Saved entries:
== Segment start ==

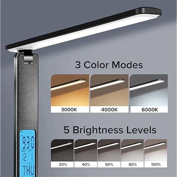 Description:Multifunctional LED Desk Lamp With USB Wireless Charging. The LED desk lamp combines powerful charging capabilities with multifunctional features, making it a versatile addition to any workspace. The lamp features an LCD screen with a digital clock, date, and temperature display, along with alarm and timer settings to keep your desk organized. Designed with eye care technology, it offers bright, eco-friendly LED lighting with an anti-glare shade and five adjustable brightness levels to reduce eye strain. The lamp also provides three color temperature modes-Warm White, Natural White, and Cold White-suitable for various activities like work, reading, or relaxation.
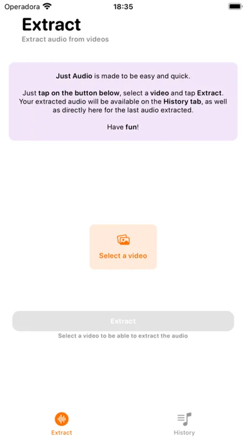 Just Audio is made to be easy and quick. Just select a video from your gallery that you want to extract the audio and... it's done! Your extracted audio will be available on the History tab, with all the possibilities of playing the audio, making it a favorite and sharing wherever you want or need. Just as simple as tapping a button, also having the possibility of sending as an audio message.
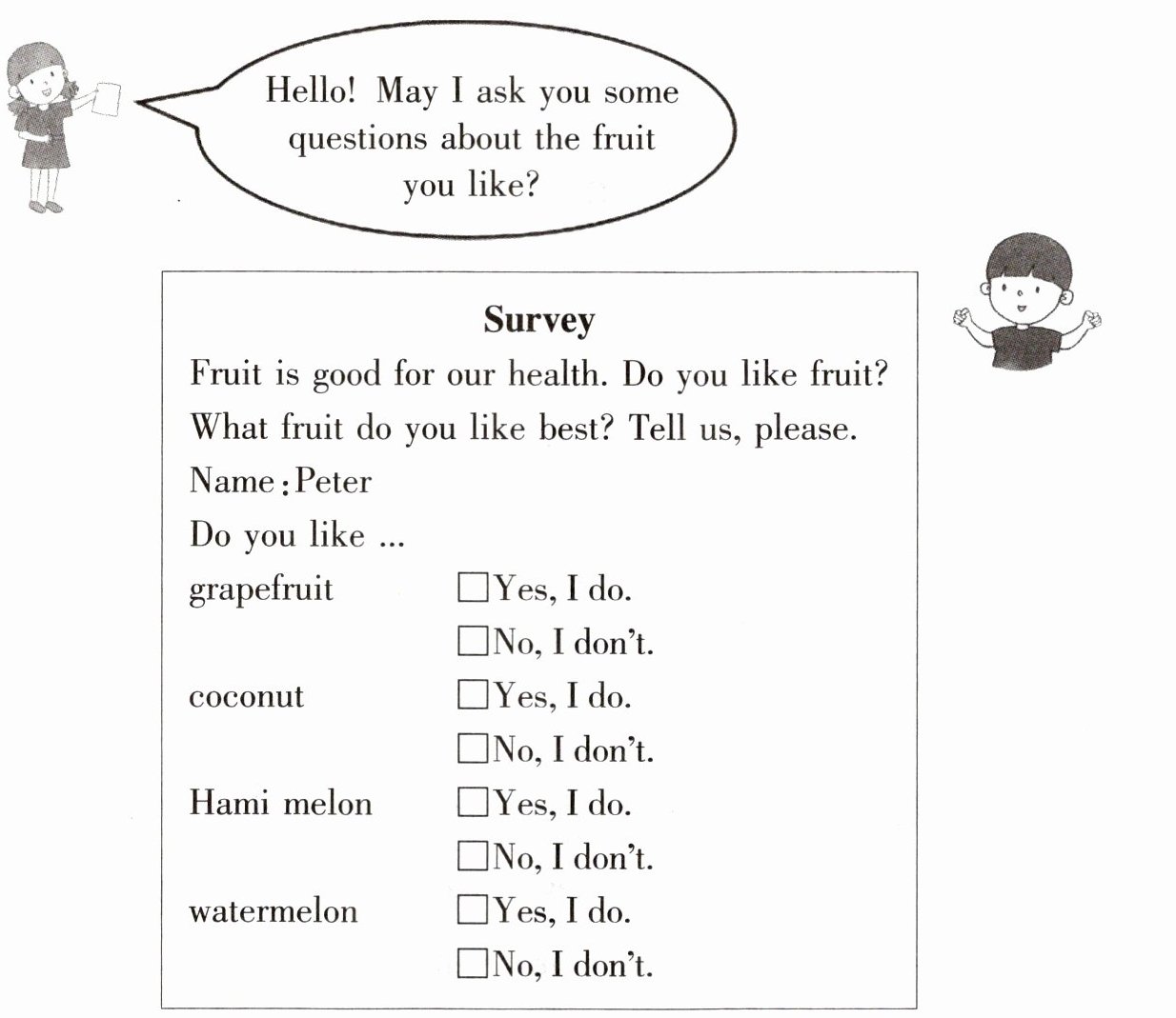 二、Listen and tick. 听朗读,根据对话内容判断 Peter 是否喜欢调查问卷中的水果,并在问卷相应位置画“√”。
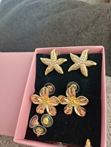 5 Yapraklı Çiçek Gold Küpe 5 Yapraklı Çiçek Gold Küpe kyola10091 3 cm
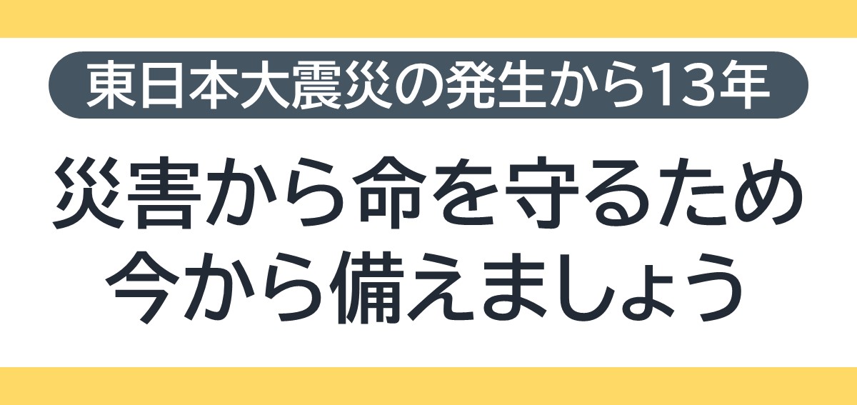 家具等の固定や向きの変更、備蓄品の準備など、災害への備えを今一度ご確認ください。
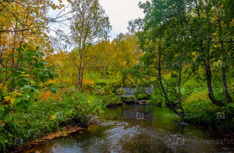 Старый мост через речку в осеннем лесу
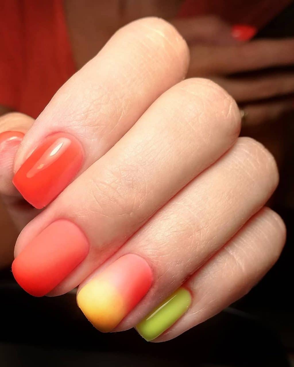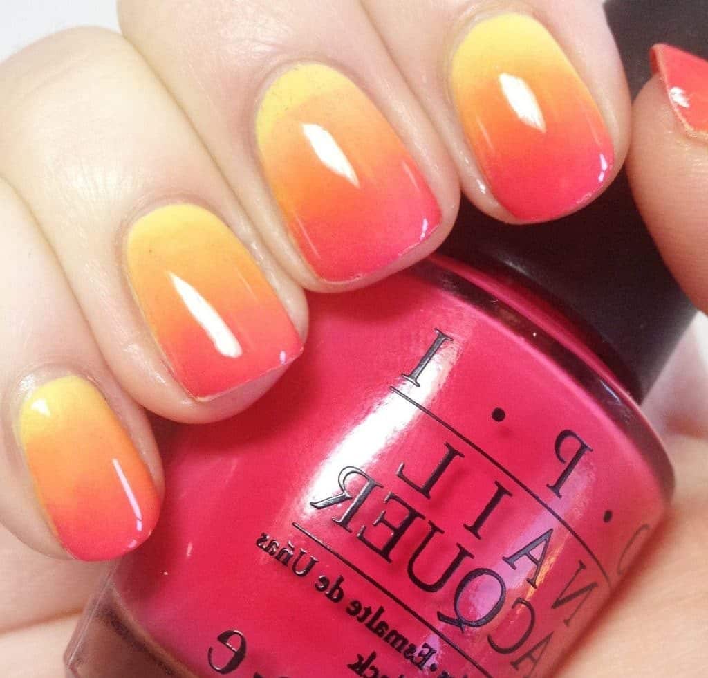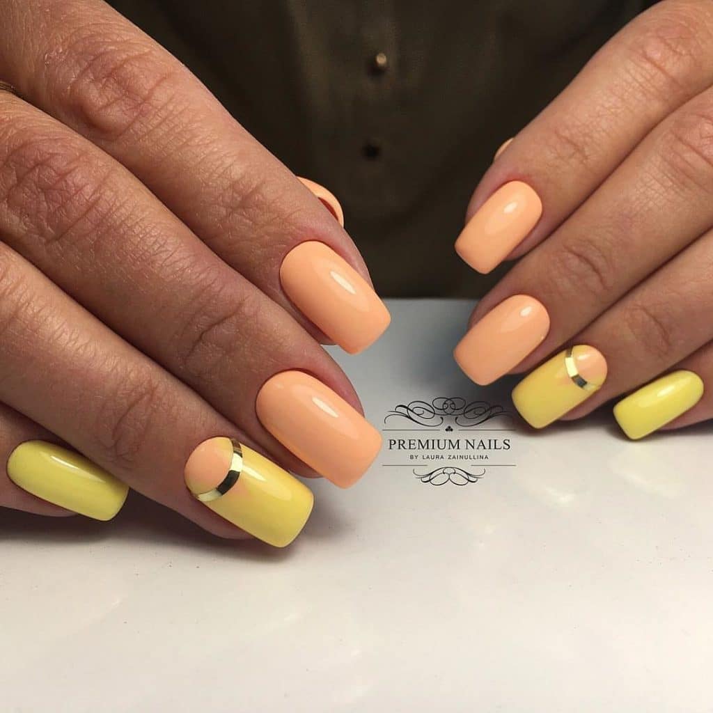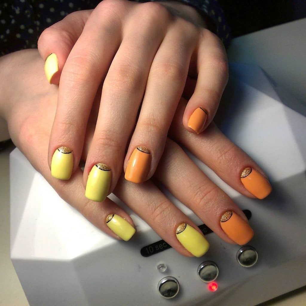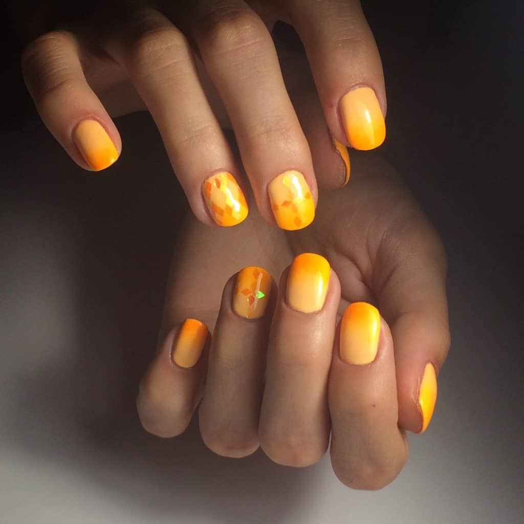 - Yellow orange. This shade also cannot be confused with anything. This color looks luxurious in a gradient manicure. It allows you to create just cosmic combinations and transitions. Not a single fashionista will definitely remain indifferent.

== Segment end ==

**Required action**
No pictures belong in the output. It should reproduce exactly the lines from the one containing "家具等の固定や向きの変更、備" through the end of the data, both ends included.

**Written answer**
 家具等の固定や向きの変更、備蓄品の準備など、災害への備えを今一度ご確認ください。
 Старый мост через речку в осеннем лесу
 - Yellow orange. This shade also cannot be confused with anything. This color looks luxurious in a gradient manicure. It allows you to create just cosmic combinations and transitions. Not a single fashionista will definitely remain indifferent.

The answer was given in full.